We need to play in the space! I always thought that games-based learning in the classroom was extremely valuable, but now I really understand what that might look like.
I also learned I’m absolutely terrible at all of these games (not a surprise)! But I can’t expect others to take risks, be open-minded and flexible if I am not prepared to be. And I really can’t superficially agree (or disagree) with an idea, without really trying to understand it more deeply; after all, I would never want my students or my kids to do that.
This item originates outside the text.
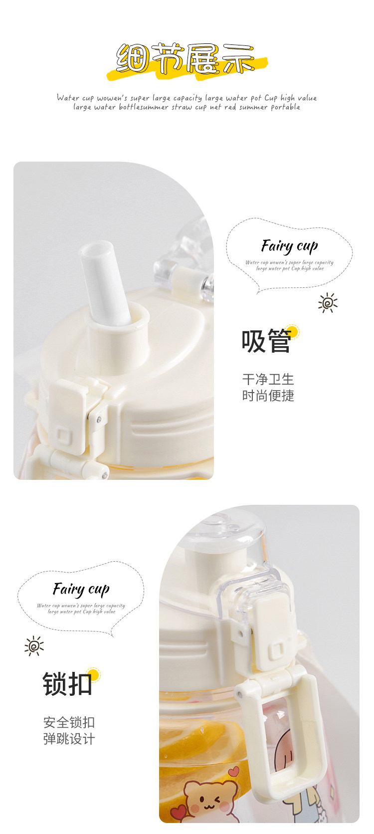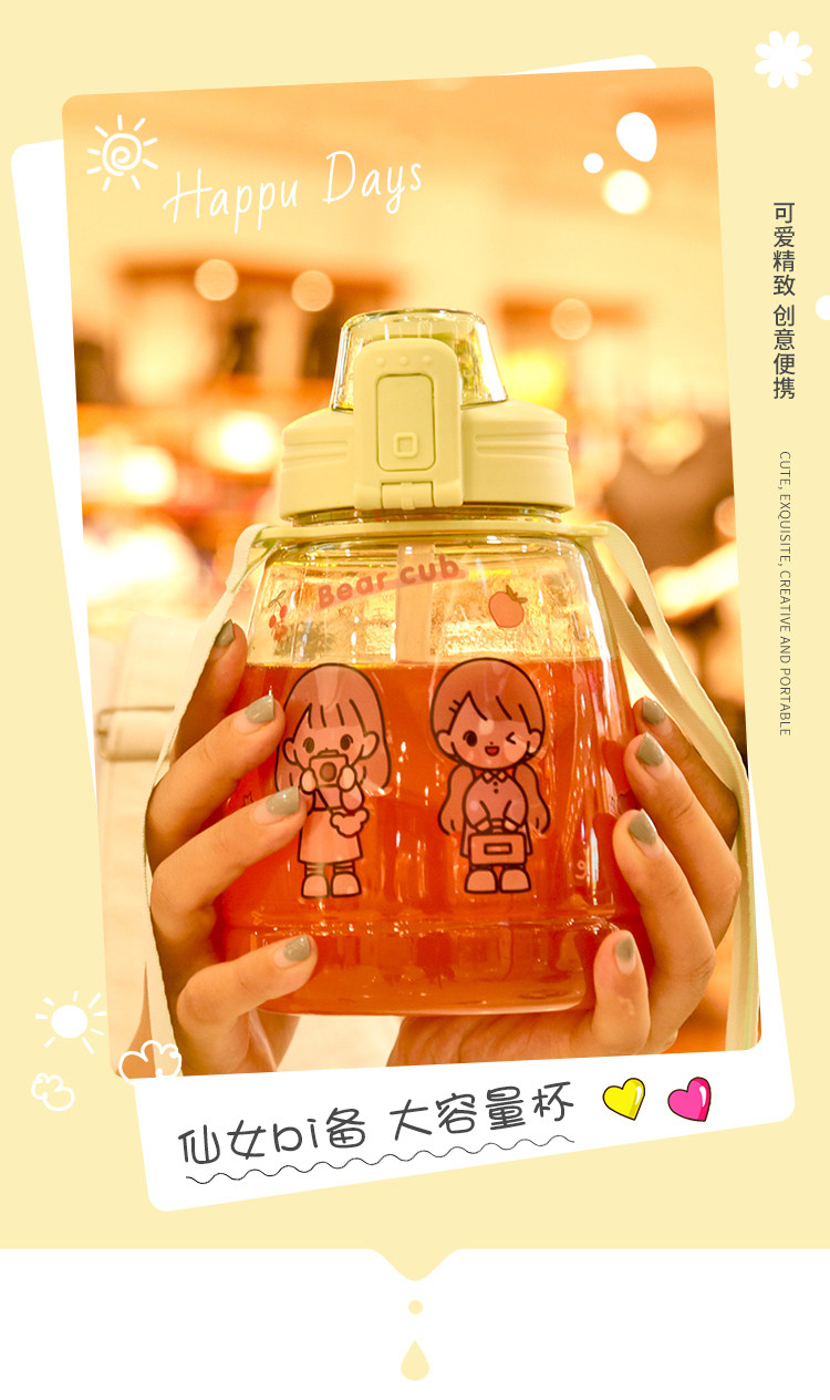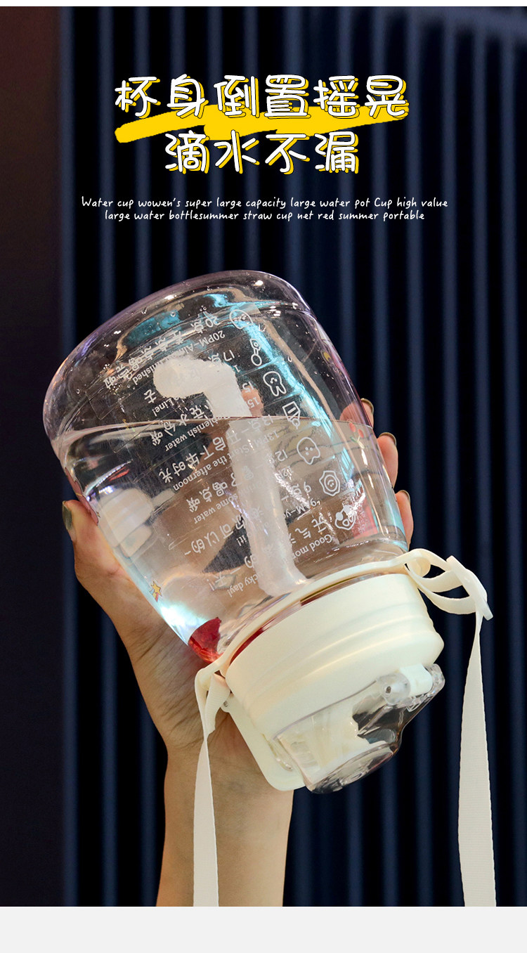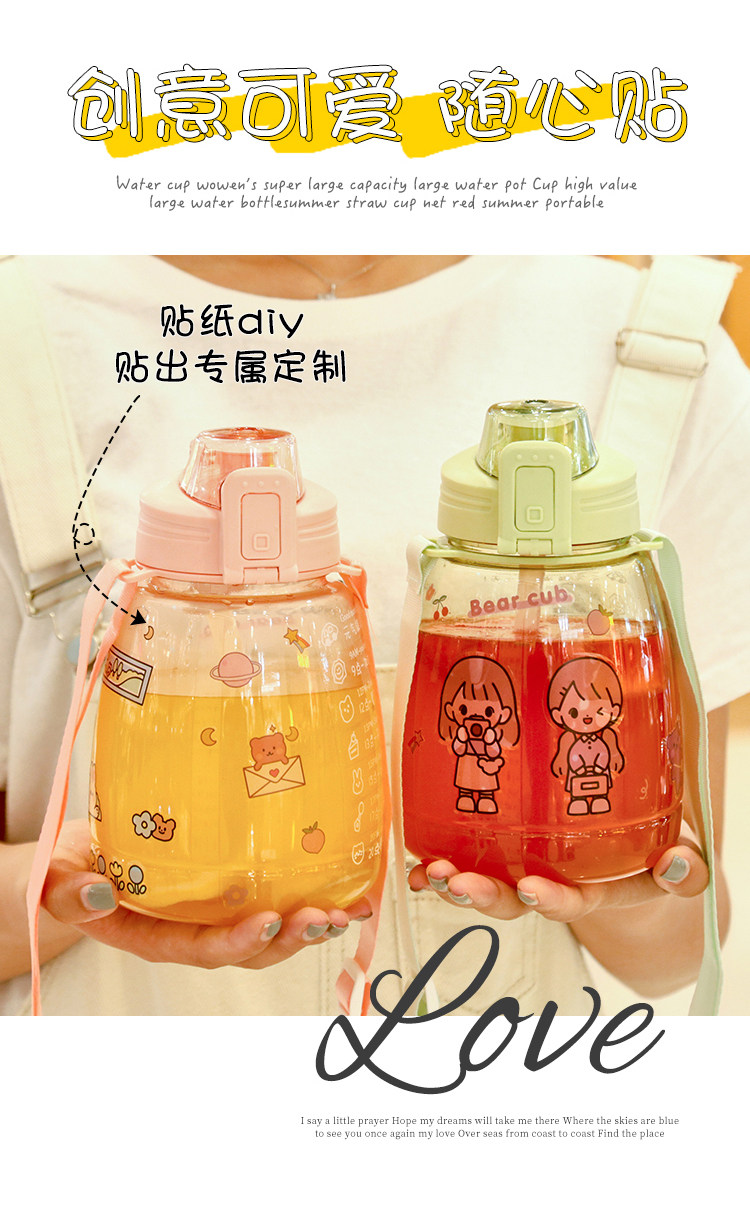水杯女可爱夏季大容量水壶网红高颜值吸管夏天大肚肚便携儿童杯子
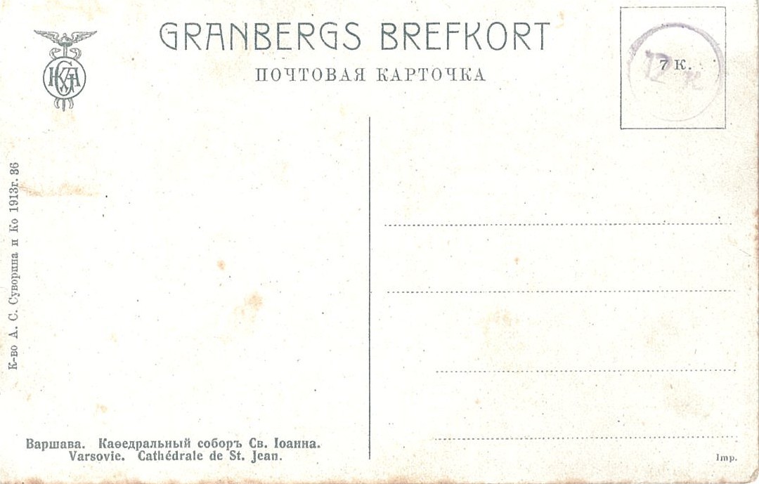 Granbergs Brefkort. Varsovie. Cathedrale de St. Jean

What games have you played with your students? What recommendations do you have for other educators thinking of embarking in Games-based learning?
Resources & Ideas
The Gaming Edus website is an incredible resource for Ontario educators who are looking at integrating gaming (especially Minecraft in the classroom).
Five ways Minecraft and other video games can boost student writing skills http://www.gamingedus.org/2012/04/five-ways-minecraft-and-other-video-games-can-boost-student-writing-skills/
Collaboration, Camaraderie: Financial Literacy with Clash of the Titans, by Brian Aspinall, is a great read!
Edutopia, not surprisingly, has a whole resource page dedicated to Games-based Learning.
Check out the EdAdvocate’s post, The positive connection between games and online learning.
Kingsley, T. & Grabner-Hagen, M. (2015). Gamification: Questing to integrate content knowledge, literacy, and 21st century learning. JAAL, 59(1), 51-61.